Engineer-Poet's comment made me think. This will be an interesting dilemma for 'filling stations'. If I can 'fill up' (charge) at home, I no longer need to go to a filling station unless I'm on a long distance trip. Result: many fewer visits to filling stations, almost to the point where they may not be profitable. Bottom line, if cars become electric, it'll be interesting to see how the electric distribution system will change.
I would also love to use my eliptical exercise machine to charge the car at night. That would make easier to justify a workout!
That may not make much difference; people already stop at C-stores much more often than they fill up. If I'm not mistaken, fuel is already such a low-margin business that most stations make their profits from sundries or mechanic's services.
If you can put out 200 watts on your elliptical and keep up with it for an hour a day, you'd get enough energy to move your car about a mile. If you want to feel virtuous you'd be better off charging the battery on an electric bike. ;-)
I have been wondering about the following for some time, but since I am no physicist nor engineer, this may prove my shallow understanding of the concepts involved:
Since current hybrids rely on regenerative braking to recharge the electric battery, would it be possible to have an electric car with this newly developed battery than can rely on this same regenerative braking technique to recharge the battery, at least for a few hundred miles before needing to be plugged in?
The impossibility of that can be summed up in one phrase: Law of Conservation of Energy.
If you don't know enough physics to know what that means and what it implies, you've just discovered your homework assignment.
Engineer-Poet's comments are correct, but in Li-ion batteries the problem is not heat generation (because they can be discharged fast). I thought it was lithium ions being plated on the surface of the anode.
What have Toshiba actually done to overcome this problem? Some of their press releases seem to be Jap-lish and get the anode & cathode around the wrong way.
To be fair to Ananse--it is, of course, impossible to keep driving around indefinitely without losing energy.
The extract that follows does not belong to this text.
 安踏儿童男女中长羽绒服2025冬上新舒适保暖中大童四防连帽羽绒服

If you weren't expending energy, you wouldn't be moving your car.
That said, if we can do a lot better about efficiency than we have so far--which is what this all amounts to, reclaiming braking energy and storing it in low-resistance batteries as fast as it's reclaimed--it's worth it, and going farther on the same charge is indeed the point. Hundreds of miles sounds like an arbitrary number, and it's fairly ambitious, maybe improbable. But while perpetual motion is impossible, really really efficient motion is a fine goal.
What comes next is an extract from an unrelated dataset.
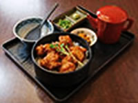 ご飯の上に特製の甘めのタレをからめた唐揚げが載っています。最初はそのままごはん茶碗にとって召し上がれ。そして、2杯目は伊達鶏入りの特製スープをかけていただく。あっさりとしていて、ほかほかの唐揚げとご飯を食べる満足感。たまりません!

Toshiba's new technology sounds promising but does it live up to that of Altair's? Although Toshiba's battery can recharge 80% in one minute vs. Altair's taking approximately 6 minutes are we missing the point that Toshiba's begins degrading by 1-3% post 1,000 recharge cycles? Altair's design has been tested to 9,000 cycles without degradation and is estimated to be good through 20,000 cycles.
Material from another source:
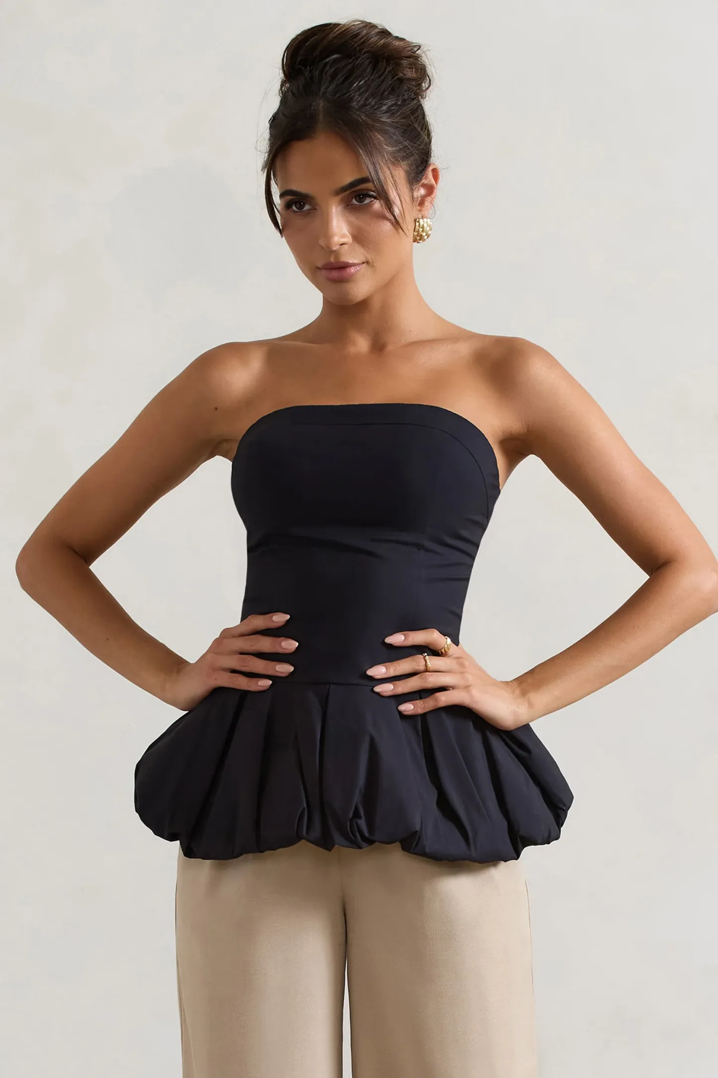 A stand-out staple. our Roll With It top was made to see you through any occasion. Crafted in a premium stretch gingham in a classic black shade. this strapless piece hugs the bodice before finishing with a voluminous peplum hemline.

I'm curious that no one has mentioned solar charging of these batteries. One of the biggest drawbacks of solar charging is that the sun is out for just a short or irregular time. Solar panels on the roof of a car would be exposed to a lot of sun and relatively safe from dings and bangs except in rollovers. In this case the solar hybrid car might be a bit closer to being perpetualy in motion as it would be an open system--receiving sunshine when a lot of driving occurs.
Anyone believe that there is a barrier to charging these lithium-ion batteries by solar panels?
Altair is pulling everyone's chain. They don't have battery technology, they're a raw material manufactuere who's made a raw material for the anode. I've never seen so much hype getting published, something must be up in the market.
The big drawback of Altair's technology is it's
(Whoops they cut me off!)
The big drawback of Altair's technology is it's <3V vs a nominal 4.2V for the competitiion. That means two cells instead of one. That may be ok in big units (car batteries, UPS etc) but not in anything portable.